**Task statement:**
Only the lines from the line containing "歯科医院、美容室、建設業、パ" to the end of the entries should be repeated, exactly as they appear.

****************

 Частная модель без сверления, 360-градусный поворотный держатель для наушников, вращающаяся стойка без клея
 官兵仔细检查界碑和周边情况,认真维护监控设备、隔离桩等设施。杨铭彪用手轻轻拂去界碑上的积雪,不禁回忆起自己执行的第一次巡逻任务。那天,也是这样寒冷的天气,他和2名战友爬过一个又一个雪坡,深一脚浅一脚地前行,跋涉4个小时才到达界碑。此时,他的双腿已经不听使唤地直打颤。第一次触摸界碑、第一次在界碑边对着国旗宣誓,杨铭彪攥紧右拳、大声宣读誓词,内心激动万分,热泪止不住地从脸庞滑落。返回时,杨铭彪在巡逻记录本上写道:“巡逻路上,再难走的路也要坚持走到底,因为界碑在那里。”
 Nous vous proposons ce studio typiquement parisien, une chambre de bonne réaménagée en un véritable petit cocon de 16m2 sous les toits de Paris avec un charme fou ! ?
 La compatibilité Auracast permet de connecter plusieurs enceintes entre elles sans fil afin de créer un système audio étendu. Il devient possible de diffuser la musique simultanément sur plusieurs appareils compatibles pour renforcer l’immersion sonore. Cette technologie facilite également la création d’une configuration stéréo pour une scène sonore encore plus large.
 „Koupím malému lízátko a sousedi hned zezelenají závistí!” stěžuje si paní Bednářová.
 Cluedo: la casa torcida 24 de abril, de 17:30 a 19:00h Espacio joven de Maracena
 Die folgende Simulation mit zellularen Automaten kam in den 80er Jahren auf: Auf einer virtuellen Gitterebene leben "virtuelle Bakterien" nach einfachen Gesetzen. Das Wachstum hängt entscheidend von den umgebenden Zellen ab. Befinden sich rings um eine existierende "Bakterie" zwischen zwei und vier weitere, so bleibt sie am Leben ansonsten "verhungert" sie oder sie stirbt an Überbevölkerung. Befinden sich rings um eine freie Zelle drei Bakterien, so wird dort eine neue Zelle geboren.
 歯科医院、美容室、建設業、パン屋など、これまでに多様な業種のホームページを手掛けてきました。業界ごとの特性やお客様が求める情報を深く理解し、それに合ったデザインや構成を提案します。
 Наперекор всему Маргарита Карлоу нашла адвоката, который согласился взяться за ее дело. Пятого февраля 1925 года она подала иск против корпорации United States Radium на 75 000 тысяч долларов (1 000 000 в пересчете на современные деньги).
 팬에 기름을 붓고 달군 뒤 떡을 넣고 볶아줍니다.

****************

**Solution for this problem:**
 歯科医院、美容室、建設業、パン屋など、これまでに多様な業種のホームページを手掛けてきました。業界ごとの特性やお客様が求める情報を深く理解し、それに合ったデザインや構成を提案します。
 Наперекор всему Маргарита Карлоу нашла адвоката, который согласился взяться за ее дело. Пятого февраля 1925 года она подала иск против корпорации United States Radium на 75 000 тысяч долларов (1 000 000 в пересчете на современные деньги).
 팬에 기름을 붓고 달군 뒤 떡을 넣고 볶아줍니다.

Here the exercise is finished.